"CLUPS": A New Culture Medium for the Axenic Growth of Entamoeba histolytica.

Amebiasis remains a major health problem in Mexico. Therefore, the search for better culture media and low-cost diagnostic and therapeutic tools is fundamental. We present a new culture medium for Entamoeba histolytica which allows the microbe to preserve its virulence factors and ability to induce hepatic abscesses in animal models. The novel CLUPS medium is an improved version of the PEHPS medium, previously designed in our laboratory. The main difference is the substitution of raw beef liver in PEHPS by raw beef lung in the CLUPS medium. To compare the performance of three-culture media (traditional TYI-S-33, PEHPS, and CLUPS), E. histolytica trophozoites were cultured in quintuplicate, followed by the evaluation of phospholipase activity and the induction of liver abscesses in golden hamsters. E. histolytica trophozoites grew significantly better in CLUPS medium than in TYI-S-33. Likewise, CLUPS-cultured trophozoites produced significantly more phospholipases than TYI-S-33-cultured trophozoites. Finally, trophozoites grown in any of the three tested media had similar potential to induce liver abscesses.

1. Introduction

Amebiasis is one of the main causes of infectious disease in Mexico and African countries. The World Health Organization reported in 1997 that there were about 40 million disease cases worldwide per year and estimated that over 400 million people were asymptomatically infected [1, 2]. Unfortunately, there are no more recent world reports.

On the other hand, since the start of this century, novel nonpathogenic Entamoeba species have been recognized [3, 4]. Ongoing improvement of molecular diagnostic tools facilitates a better differentiation and identification of species [5]. The incorporation of new diagnostic techniques confirms that the protozoan pathogen Entamoeba histolytica remains a major cause of gastrointestinal disease in Mexico and other parts of the world [6, 7]. PCR-based studies reveal that E. histolytica is present in 16-20% of people with a gastrointestinal disorder [6, 7]. Better culture media could facilitate the in vitro study of microorganisms such as E. histolytica. Ideally, cultured parasites should present the same growth and virulence characteristics as their counterparts in their natural habitat [8]. Axenic cultivation of E. histolytica was first accomplished by Diamond in 1961 [9], using a diphasic medium composed of a serum-enriched agar base covered by a broth supplemented with chicken extract and vitamins. In 1968, Diamond described a new monophasic medium called TPS-1 [10] that received great acceptance among researchers who cultivated amebas.
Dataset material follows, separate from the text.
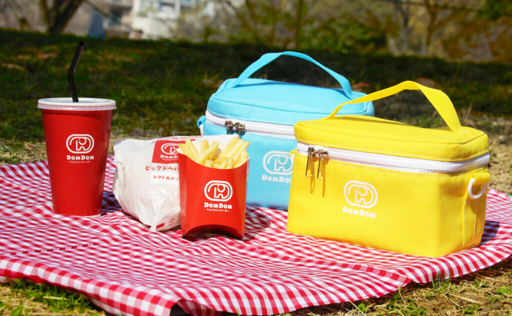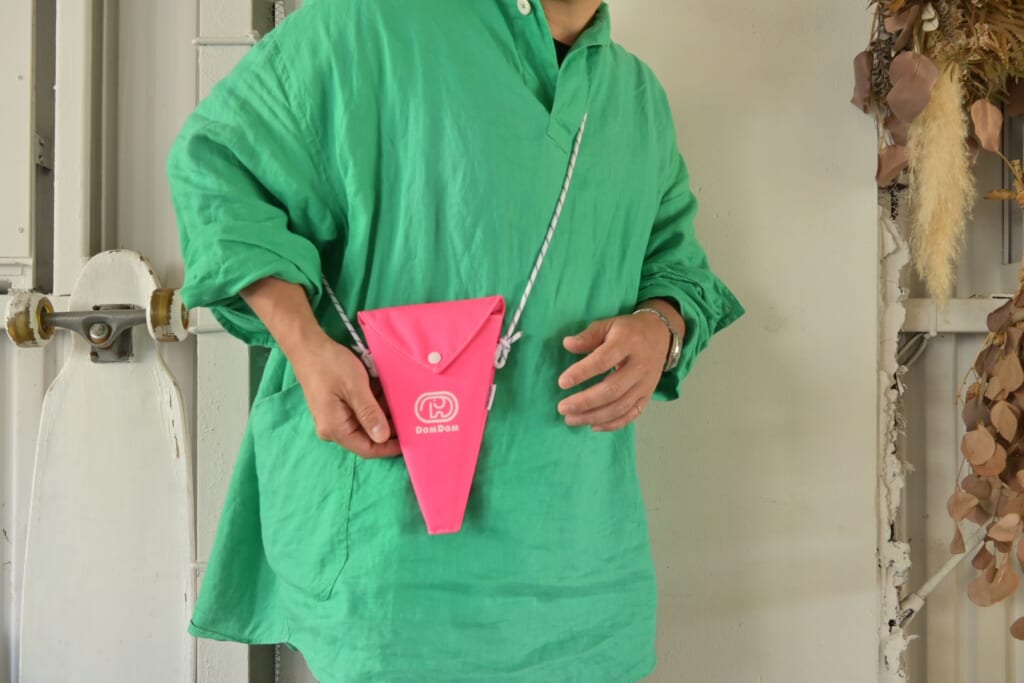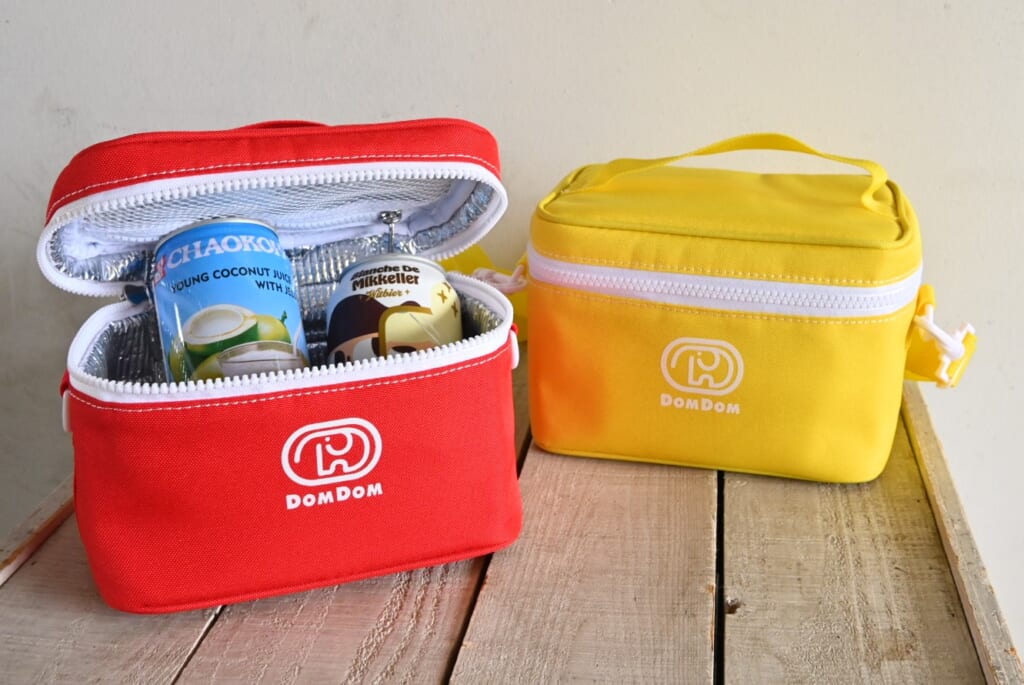 カラーはレッド、ブルー、グリーン、ピンク、イエローのカラフルな5色で、ドムドムハンバーガーのブランドロゴとして親しまれている“どむぞうくん”をデザイン。本体と同色の専用ショルダーベルトが付属するから手持ち、肩掛けの2WAYで使用可能。

In 1978, a new medium was introduced that contained a yeast extract instead of Panmede (a papain digest of ox liver) [11]. This new medium, TYI-S-33, became the most popular [11]. A casein-free alternative, YI-S, has never been widely used [12, 13]. In 1988, our group reported an in-house developed axenic culture medium, PEHPS [14]. PHEPS is based on TPS-1 but replaces Panmede with the pancreatic digest of raw beef liver as described in [14]. The main components of the E. histolytica axenic culture media are a source of peptides, amino acids (trypticase or casein digest peptone), nucleic acids (yeast extract), carbohydrates (glucose), lipids (serum), and vitamins. The development of a new culture medium for intestinal protozoan allows learning about the biology of parasites, their growth rate, virulence factors (like phospholipase activity), susceptibility to new drugs, and the appearance of resistant strains, among other aspects [15].

The PEHPS medium was designed because of the need of an economic medium without the interlot variability present in manufactured culture media. In the commercial media TYI-S-33 and TPS, the supplements, Panmede, and yeast extract present batch-to-batch variability [16], whereas our in-house PEHPS is produced as a single lot that can take up to a year to be consumed [14]. The main components of PEHPS are casein peptone, liver and pancreas extract, and bovine serum [14]. Bovine serum is essential and cannot be substituted; trophozoites died at day three in serum-free cultures [17]. However, the inconvenience of beef extracts nowadays is that remnants of antibiotics and antiparasitic drugs may be present, as has been proven for the liver of cattle [18, 19]. We previously demonstrated that ivermectin and similar antiparasitic drugs inhibit the in vitro growth of E. histolytica [20].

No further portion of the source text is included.